I start a pit fire in the backyard and sit with my bottle of Jim and my joint while the boy wanders the woods with my headlamp and his camera.

      “Remember to use the flash,” I call to the boy.

      “Stop yelling.” Angela emerges from behind her hedge, decked out in camo. She nearly scares the bleep out of me.

      “It’s a full moon,” she tells me. “The Sasqui are most active during a full moon.”

      I just nod and take a long drag from my joint. Angela heads into the woods to spend the night in her deer stand. It occurs to me that she is batshit crazy.

      I watch her disappear into the brush and feel my business/personal/burner phone vibrating in my pants. It’s a flip and built like the piece of shit I am; the caller ID screen is broken, the antennae is missing, and calls always break up on the other line. But I always answer the calls.
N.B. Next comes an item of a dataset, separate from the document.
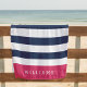 Preppy chic serviette de plage personnalisée en rose et marine dispose de bandes bleu marine et blanc classique large, avec votre nom ou choix de personnalisation le long du fond en lettres blanches audacieuses sur une bande de rose fuchsia vibrante.

Business never sleeps, except in the off-season, and I need the money, especially when it’s the off-season.

      “This is Desperate House Guy: Handyman For Hire.”

      “It’s me.”

      “Who?”

      “Your sister. How’s he doing?”

      “Who?”

      “My son. Your nephew. Have you used the first aid kit yet?”

      “He’s fine. We just got back from dinner. Did some real bonding. We’re having the time of our lives.”

      I yell to the boy, who is pushing a massive branch into the fire. “Come tell your mother how much fun you’re having!”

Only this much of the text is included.